(Re-printed here from Part 1 for context)
When I started this newsletter, I decided to stay away from current events.
There are enough sources of news that I thought focusing on stories that most people would never come across would be best. However, sometimes what is happening today could use historical context — and that is not always readily available.
For example – what should be done around the ongoing conflict between Israelis and Palestinians? This is being widely debated. As I started to listen to impassioned speakers debate right and wrong, I found that I was often too ignorant to follow their logic, let alone provide any viewpoints of my own. I would be asked to voice an opinion — and all I could do was repeat the headline rhetoric I learned growing up in the central United States. These lines were almost entirely pro-Israel — and maybe that was fine, but I couldn’t tell you why it was right, if it was right.
However, I have learned to be wary of holding a viewpoint as my own when I cannot support it on my own. And a voice in the back of my head was telling me that anything I did say in these conversations was merely a parroting of what I had heard from others. So I decided to better understand the situation — and as with most things, that meant I wanted to start by taking a look at the history surrounding it.

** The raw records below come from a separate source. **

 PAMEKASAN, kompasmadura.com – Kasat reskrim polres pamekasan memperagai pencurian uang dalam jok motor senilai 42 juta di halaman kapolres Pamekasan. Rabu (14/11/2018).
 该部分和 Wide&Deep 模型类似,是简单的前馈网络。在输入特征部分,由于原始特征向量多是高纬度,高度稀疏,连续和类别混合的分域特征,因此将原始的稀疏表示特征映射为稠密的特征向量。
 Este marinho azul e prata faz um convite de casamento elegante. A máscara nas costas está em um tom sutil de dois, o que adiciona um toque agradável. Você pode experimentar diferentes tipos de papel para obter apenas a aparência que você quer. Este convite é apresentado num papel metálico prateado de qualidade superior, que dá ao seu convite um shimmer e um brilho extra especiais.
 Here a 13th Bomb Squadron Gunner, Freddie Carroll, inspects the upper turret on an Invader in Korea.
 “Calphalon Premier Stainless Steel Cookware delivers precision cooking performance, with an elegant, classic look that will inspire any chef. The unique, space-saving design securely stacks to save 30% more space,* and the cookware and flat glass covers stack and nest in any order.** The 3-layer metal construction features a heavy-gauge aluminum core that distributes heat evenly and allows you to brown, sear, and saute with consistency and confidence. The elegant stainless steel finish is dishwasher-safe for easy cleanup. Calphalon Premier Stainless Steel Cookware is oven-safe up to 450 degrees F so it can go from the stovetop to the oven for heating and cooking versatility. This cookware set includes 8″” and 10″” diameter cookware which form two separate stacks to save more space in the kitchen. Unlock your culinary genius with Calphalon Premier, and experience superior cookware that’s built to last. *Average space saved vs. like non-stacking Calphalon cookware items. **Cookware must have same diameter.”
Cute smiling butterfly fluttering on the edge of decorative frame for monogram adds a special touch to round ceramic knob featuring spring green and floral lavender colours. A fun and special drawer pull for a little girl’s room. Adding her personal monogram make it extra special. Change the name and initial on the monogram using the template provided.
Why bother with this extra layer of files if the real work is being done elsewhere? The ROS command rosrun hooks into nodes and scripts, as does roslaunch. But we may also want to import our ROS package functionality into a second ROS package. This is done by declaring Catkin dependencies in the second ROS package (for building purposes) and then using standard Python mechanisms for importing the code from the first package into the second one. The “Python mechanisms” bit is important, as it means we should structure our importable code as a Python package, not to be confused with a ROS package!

Almost immediately, I found this difficult — but not for the reasons you are probably thinking. When trying to dig into the background here, I was consistently hit with one of two things — 1) partisan interpretations or 2) comments dismissing the current situation as having been going on for thousands of years (that’s too much history, even for me) or being “too complicated” to understand properly.
While it is easy enough to work around #1, #2 seemed to be a wall that was difficult to climb over — and I am not talking about the complicated nature of the situation. I’m referencing the widely held idea that things are “too complicated.” As I read more, I realized that while the history itself is somewhat complicated, it is no more complicated than most situations people feel competent enough to understand.

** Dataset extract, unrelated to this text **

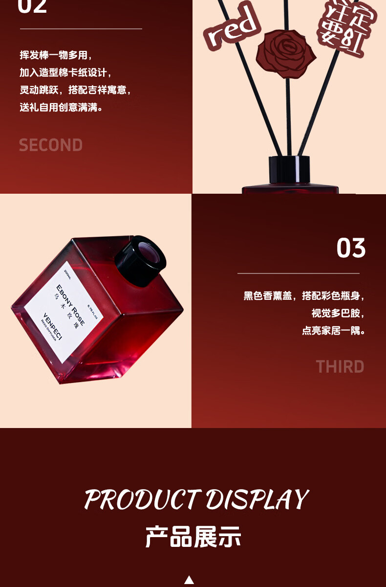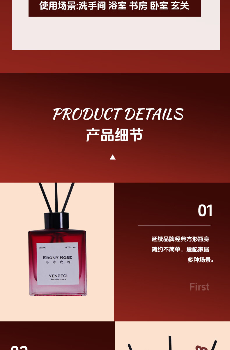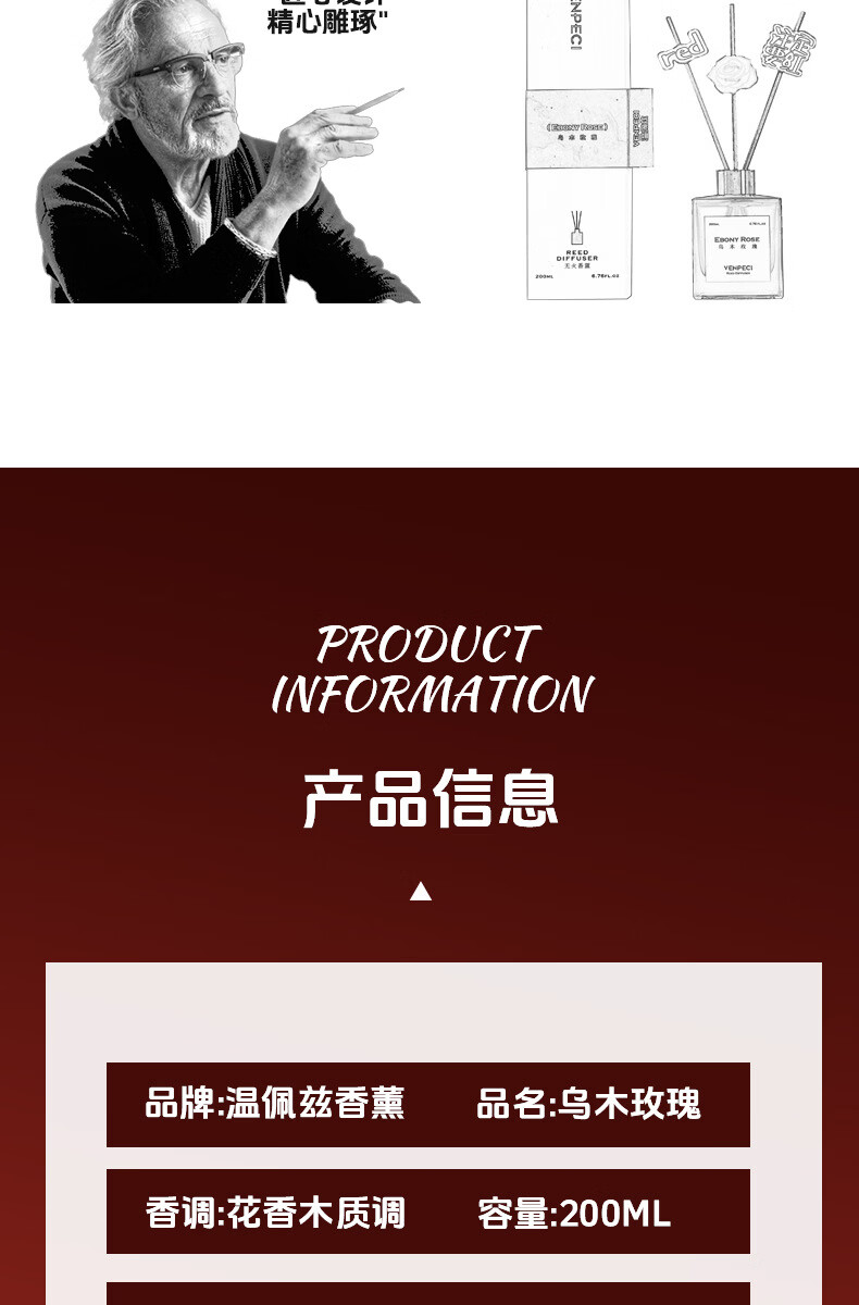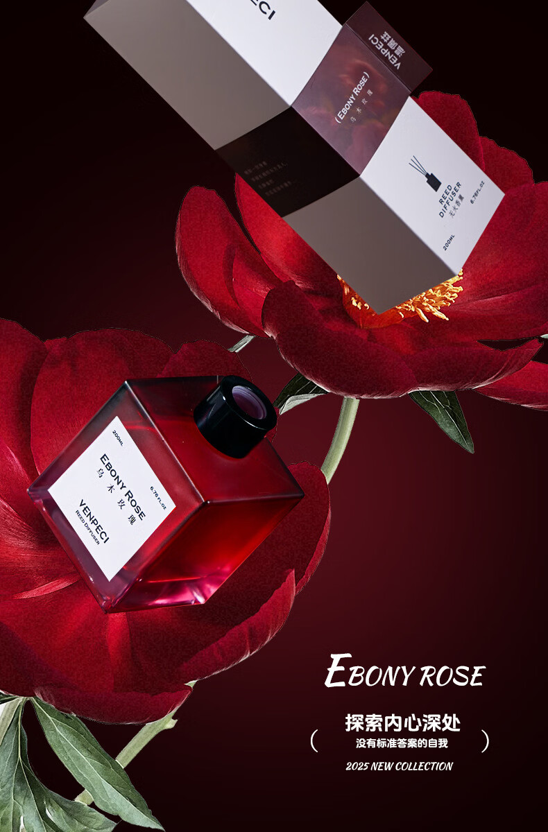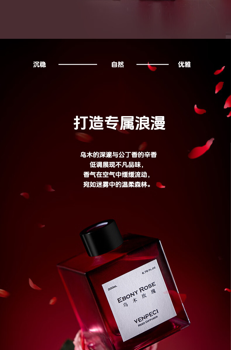 物语花香香薰家用室内持久留香高级女生香氛卧室淡除臭客厅 乌木玫瑰【优雅玫瑰香】 200ML/VENPECI/温佩兹/黑彩

Thus, I concluded that #2 is said to reduce the number of participants in the discussion. It is a cop-out — on both sides — to allow a viewpoint holder the freedom to act on their own views unchallenged through a pseudo-ad hominem attack against anyone attempting to understand.
I don’t like that.
So let’s dive into the history here, in an as unbiased way as possible. It’s not too complicated — nor do I think you need to understand all the events that have happened over thousands of years — so we should be able to understand it with a little effort.

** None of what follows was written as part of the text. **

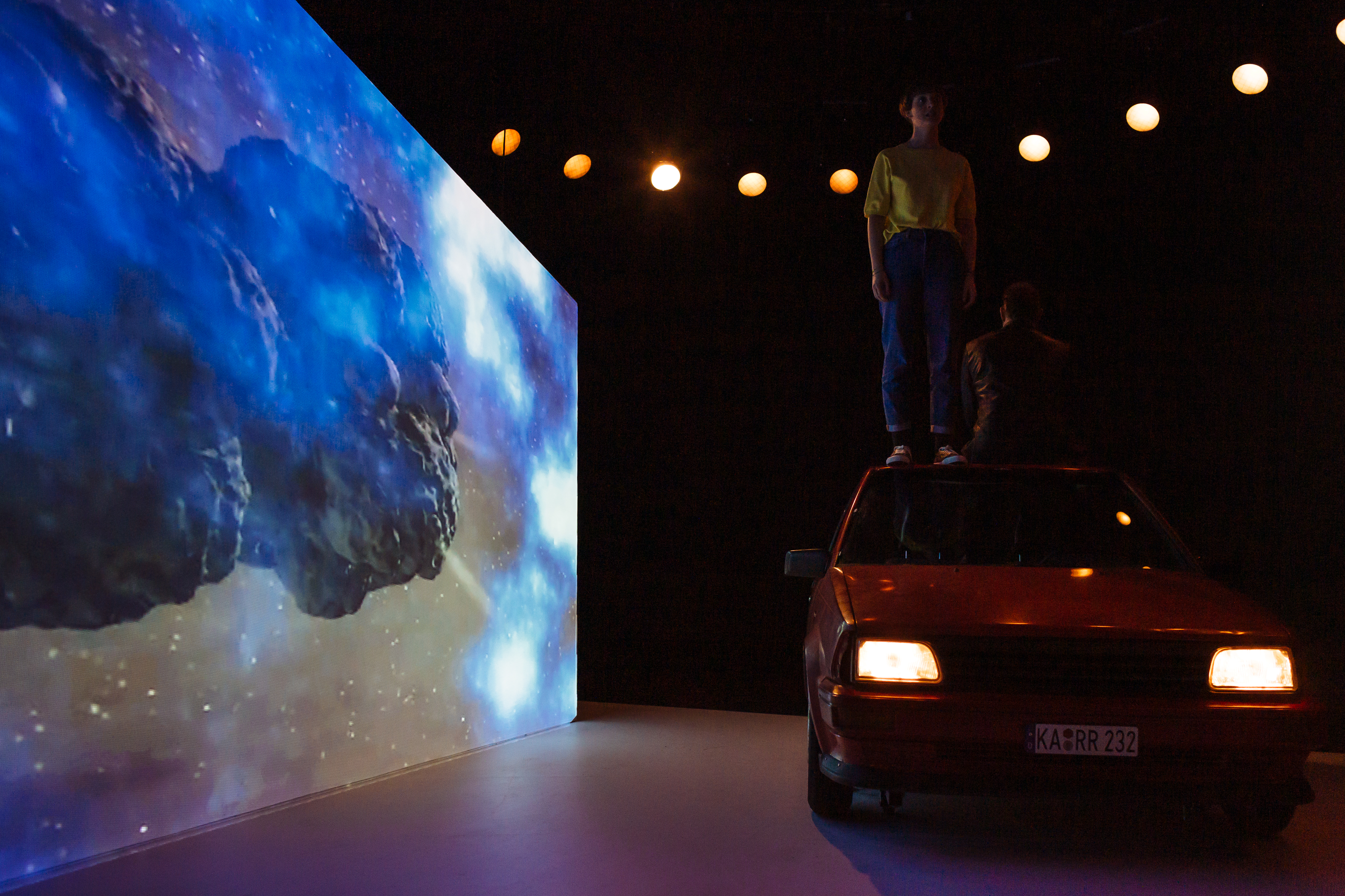 Un road trip. C’est ainsi qu’est présentée cette pièce. Lui (Fred Jacot-Guillarmod) doit aller vendre une voiture à Moscou. Elle (Christina Antonarakis) a soi-disant un rendez-vous là-bas pour son doctorat. Pendant trois jours, depuis Berlin, ils vont rouler vers la Russie et parler, retourner sur les traces de leur identité. Durant une heure, il sera question d’effondrement : celui du passé, de la relation entre eux, de leur monde intérieur. De l’effondrement politique de l’URSS, aussi. Le lien entre tout cela ? La science qui, sous forme de métaphore, celle de La chute des comètes et des cosmonautes, vient tenter de répondre à ces questionnements latents.
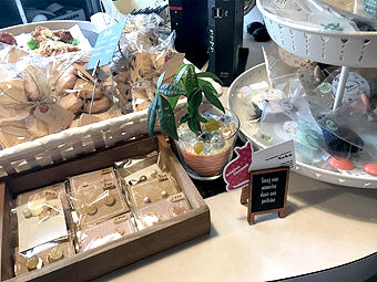 レジの横には、ハンドメイドアクセサリーやお菓子が販売。

As part of going through this history and writing it out here, I am forced to make some judgment calls on what is relevant and form some opinions. I will do my best to lay out the logic for those items.
Part 2 continues below…
Leading into World War II
Unable to get both the Jewish and Arab leaders to agree to a two-state solution in 1937, the British government attempted a few other paths forward. One of the more impactful was the unilateral British White Paper of 1939 that followed many failed trilateral British-led Jewish and Arab negotiations.
With this paper, Britain stated that the promises in the Balfour Declaration had more or less been fulfilled and, that in order to promote political stability in the region, Jewish immigration to Palestine would be limited and a single-state solution with a joint Jewish-Arab government would be pursued. Select quotes from the White Paper explain the British government’s rationale:
If (Jewish) immigration has an adverse effect on the economic position in the country, it should clearly be restricted; and equally, if it has a seriously damaging effect on the political position in the country, that is a factor that should not be ignored. Although it is not difficult to contend that the large number of Jewish immigrants who have been admitted so far have been absorbed economically, the fear of the Arabs that this influx will continue indefinitely until the Jewish population is in a position to dominate them has produced consequences which are extremely grave for Jews and Arabs alike and for the peace and prosperity of Palestine…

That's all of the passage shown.